#### Work required:
Your copy of the data should leave out the images and match everything else exactly.

+++ Source material

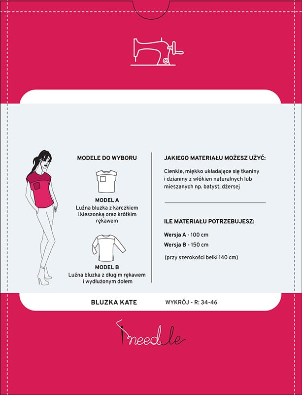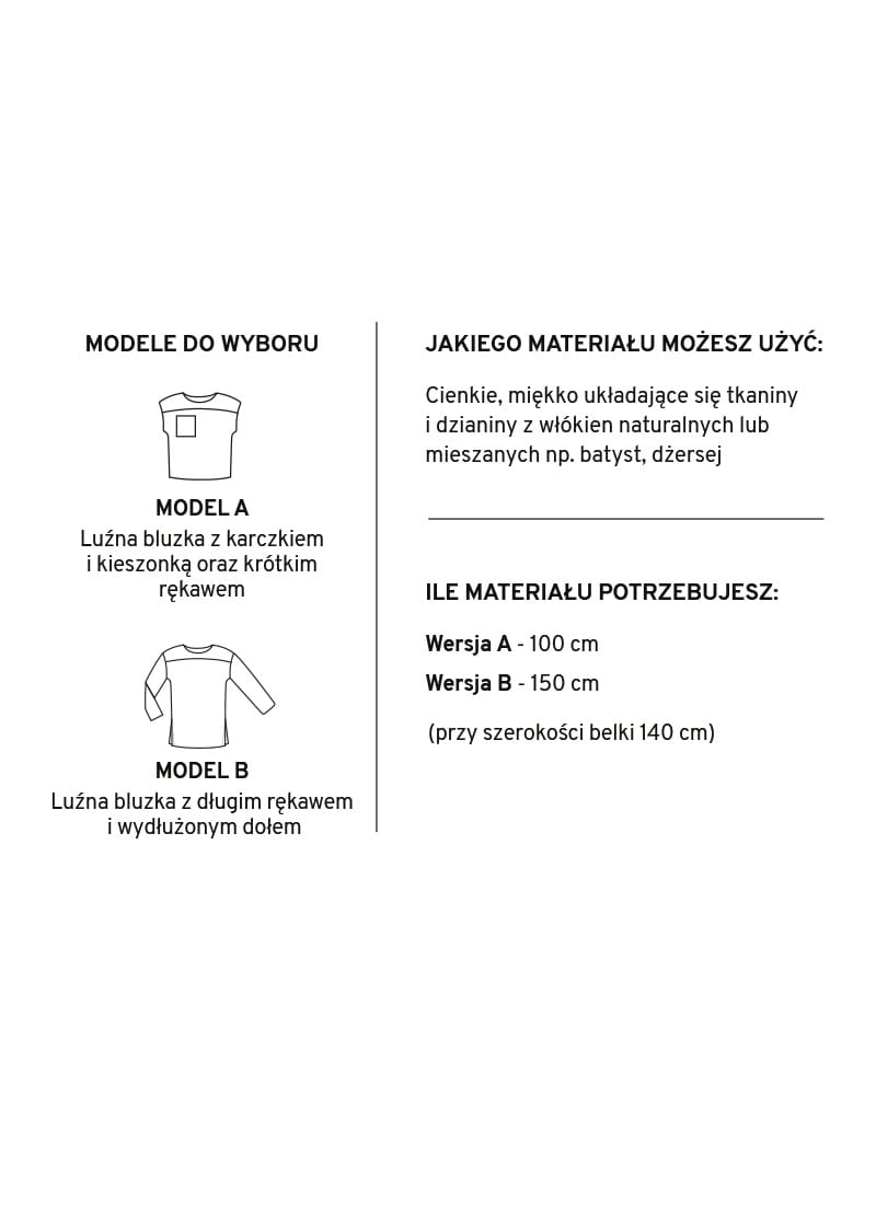 Wykrój „Bluzka Kate” umożliwia uszycie dwóch różnych form bluzek, w zależności od upodobań i potrzeb:
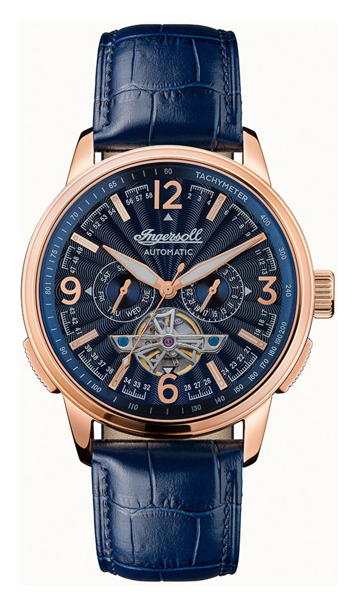 Ingersoll The Regent Automatic I00301B on tyylikäs miesten automaattikello, jonka 47 mm leveä ja 17 mm paksu ruusukullanvärinen runko on valmistettu ruostumattomasta teräksestä. Runkoon kiinnittyy sininen nahkaranneke, jonka leveys kiinnityskohdasta on 24 mm. Mineraalilasin alla suojassa on sininen kellotaulu, jossa päivyri ja viikonpäivänäyttö. Ingersoll I00301B kuuluu vesitiiviysluokkaan 50m / 5atm eli se on rajoitetusti vesitiivis (uintia ei suositella). Ingersoll-kelloilla on 2 vuoden takuu. HUOM! Kellon mukana ei toimiteta alkuperäistä rasiaa (Huomioitu hinnassa).
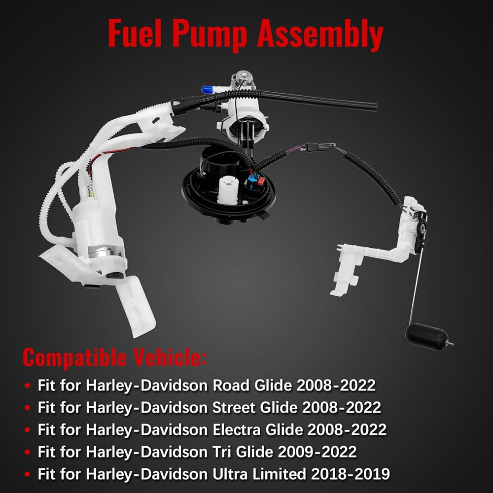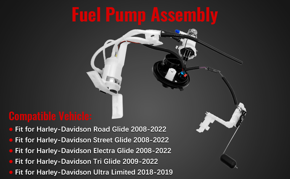 【Compatible Vehicle】The fuel pump with sending unit is fit for Harley-Davidson Road Glide 2008-2022, for Harley-Davidson Street Glide 2008-2022, for Harley-Davidson Electra Glide 2008-2022, for Harley-Davidson Tri Glide 2009-2022, for Harley-Davidson Ultra Limited 2018-2019
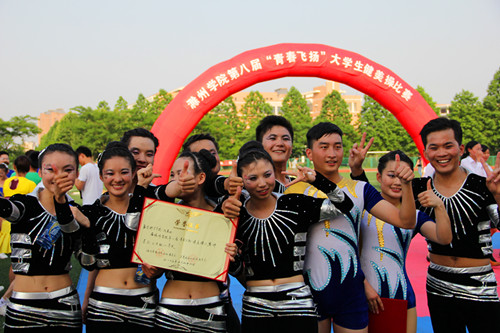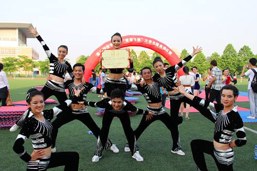 一袭黑色的衣服,浓妆下难掩的妖艳,数学学院代表队一出场就让人赞叹不已。开场时的高难度姿势,比赛中熟练的展示,个个选手之间默契配合,都十分精彩。彰显青春的舞步,凸显活力的动态,数学学院的健美操表演诠释了健美操运动的激情与张扬。优异的表演,赢得了现场观众的阵阵掌声,也赢得了评委们的青睐。最终,数学学院以高分成绩获得了此次大赛的二等奖。

++++++

#### Output of the exercise:
 Wykrój „Bluzka Kate” umożliwia uszycie dwóch różnych form bluzek, w zależności od upodobań i potrzeb:
 Ingersoll The Regent Automatic I00301B on tyylikäs miesten automaattikello, jonka 47 mm leveä ja 17 mm paksu ruusukullanvärinen runko on valmistettu ruostumattomasta teräksestä. Runkoon kiinnittyy sininen nahkaranneke, jonka leveys kiinnityskohdasta on 24 mm. Mineraalilasin alla suojassa on sininen kellotaulu, jossa päivyri ja viikonpäivänäyttö. Ingersoll I00301B kuuluu vesitiiviysluokkaan 50m / 5atm eli se on rajoitetusti vesitiivis (uintia ei suositella). Ingersoll-kelloilla on 2 vuoden takuu. HUOM! Kellon mukana ei toimiteta alkuperäistä rasiaa (Huomioitu hinnassa).
 【Compatible Vehicle】The fuel pump with sending unit is fit for Harley-Davidson Road Glide 2008-2022, for Harley-Davidson Street Glide 2008-2022, for Harley-Davidson Electra Glide 2008-2022, for Harley-Davidson Tri Glide 2009-2022, for Harley-Davidson Ultra Limited 2018-2019
 一袭黑色的衣服,浓妆下难掩的妖艳,数学学院代表队一出场就让人赞叹不已。开场时的高难度姿势,比赛中熟练的展示,个个选手之间默契配合,都十分精彩。彰显青春的舞步,凸显活力的动态,数学学院的健美操表演诠释了健美操运动的激情与张扬。优异的表演,赢得了现场观众的阵阵掌声,也赢得了评委们的青睐。最终,数学学院以高分成绩获得了此次大赛的二等奖。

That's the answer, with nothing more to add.